In any case, that tirade came in somewhere between the folktale-structured story that Jung received by a serpent-shaped imaginary friend of his, and Philemon’s seven sermons to the dead.

Once upon a time, there was a king who couldn’t have a baby. The king visited a witch, who told him to get some otter fat and bury it for nine months before digging it up again.

The kind did so, and the otter fat grew in the ground so that when it was dug up the king found a baby, and the baby became heir to the throne. The heir grew up and asked for the throne.

The king, upset at this new development, went to the witch and asked how to get rid of his son.

The witch told him to get some otter fat and bury it for nine months before digging it up again.

The otter fat drained the life force from the son, and within nine months the heir sickened and died.

The king went back to the witch to ask how to heal his remorse. The witch told him to get some otter fat and bury it for nine months before digging it up again

Seriously, is that her solution to everything?? Excuse me, I mean…carrying on…

This action produced a baby again, which the King raised up to be the exact same heir. But this time, when the son asked his father to abdicate, the King embraced him and gave him the crown because he knew it would happen and was prepared for it, and so was willing to allow his son to do this.

It reminded me a lot of the deconstruction of three wishes in Terry Pratchett’s A Hat Full of Sky. In any story about three wishes that successfully communicates the human condition, the third wish is special and always the same. “I wish that all the harm caused by the previous two wishes would be undone.”

Jung definitely approached all this more from a psychological standpoint rather than one where the Otherworld was a real world and people went to and fro with their imaginations, or through hallucinogenic drugs, or sensory deprivation, and brought back otherworldly wisdom.
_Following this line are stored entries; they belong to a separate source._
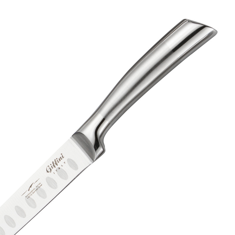 چاقوی آشپزخانه جی فی نی از بهترین و معتبر ترین برندهای جهان میباشد که تمام مراحل طراحی ان در شرکت GIFFINI ایتالیا انجام میشود و برای تولید ان از بهترین و با کیفیت ترین الیاژ جهان استفاده شده که در کار کردن با این چاقو شما ان را کاملا حس کرده و لذت آشپزی را برای شما چند برابر خواهد کرد و بدلیل طراحی دسته و بدنه یک تکه این چاقو هرگز دسته ان جدا نخواهد شد و شما را سالیان سال از خرید مجددا ان بی نیاز خواهد کرد
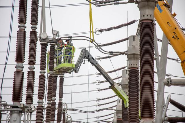 國網(wǎng)淮北供電公司職工對(duì)500千伏濉溪變電站的電流互感器開展綜合檢修。王磊攝
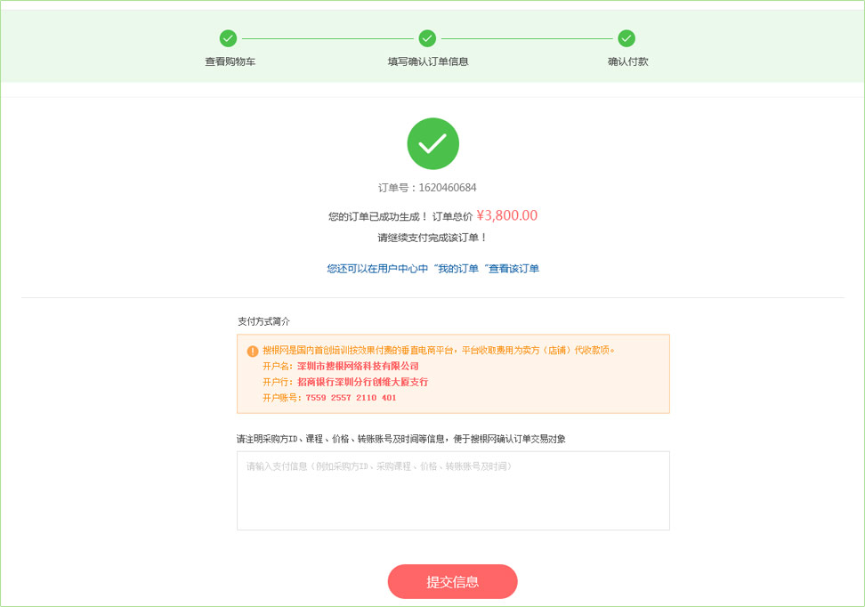 5、點擊下單完成并支付,進(jìn)入支付頁面,通過線下支付和線上銀行支付都可以;如選擇銀行匯款方式,點擊確認(rèn)支付。將采購ID、轉(zhuǎn)賬賬 號、課程名稱、金額、時間輸入支付信息里,點擊提交信息即可。

I think one of Jung’s imaginary friends in his imaginary world, Salome I think it was, made the request that Jung quit calling her a “symbol” because she was real, but then again she also tried to convince Jung that he was the second coming of Jesus Christ so it was probably well and good that Jung continued to consider it all symbolic anyway.

Still, the cadence of this particular story stands on its own in stark contrast to its source that usually lacks rhyme and reason except through the filter of Jung’s express interpretation.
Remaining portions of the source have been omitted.